Montreal

Rodrigue Escayola was strolling during ‘‘the hour of Mass’’ along Boulevard Saint Joseph in August, 2014, when he noticed a church with its doors wide open. He ventured inside and was ‘‘overcome by the beauty of the church and its (historical) richness.’’ When the doors are closed, the outside is sometimes not the best expression of what lies inside.

A few blocks further down, he walked into another church. And then another. ‘‘All of a sudden, it hit me like a ton of bricks. I realized: there is so much rich history here! There is so much faith, so much devotion! But when the doors are closed, which is almost all the time, you would never imagine it. We walk past a building like this as if it were a café or an old bank…’’

Collector of pictures of church steeples

Inspired by Mark Twain’s phrase, ‘’Montreal, city of 100 steeples,’’ he set himself the challenge of visiting one hundred churches. He began in his own parish of Saint-Jean-Baptiste, and one thing led to another, eventually taking him further and further into the diocese of Montreal. He would attend Mass and while there, he would visualize the shots that he would take after the celebration was over.
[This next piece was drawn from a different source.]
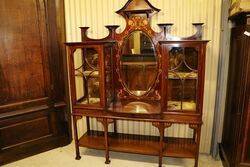 Stunning Art Nouveau Finely Inlaid Sideboard-Parlour Cabinet with Oval Central Mirror Flanked with 2 Single Door Display Sections. Wonderful Example. 152cm wide x 200cm high x 47cm deep

His fiftieth church was St. Joseph’s Oratory, his hundredth Notre-Dame. Sunday after Sunday, Rodrigue compiled an ever more impressive number of pictures of steeples. They are all arranged by album on his Facebook page with accompanying architectural comments or historical notes on his ‘finds;’ in one such comment he describes how, at the location of Saints-Anges-de-Lachine, there used to be a Fort ‘‘back in the day.’’

‘‘Each steeple ended up having a personality all its own.’’ So after 100 steeples, what had he achieved? ‘‘I’ve realized that, even though I was photographing bricks and glass, it is often the people who have stayed in my memory.’’ Like the priest of Sainte-Anne-de-Bellevue shovelling the whole front walkway of the church before his parishioners arrived because, he said, one of them is going to fall and break their nose. ‘‘That is not in any photo. That just stays in the photographer’s heart.’’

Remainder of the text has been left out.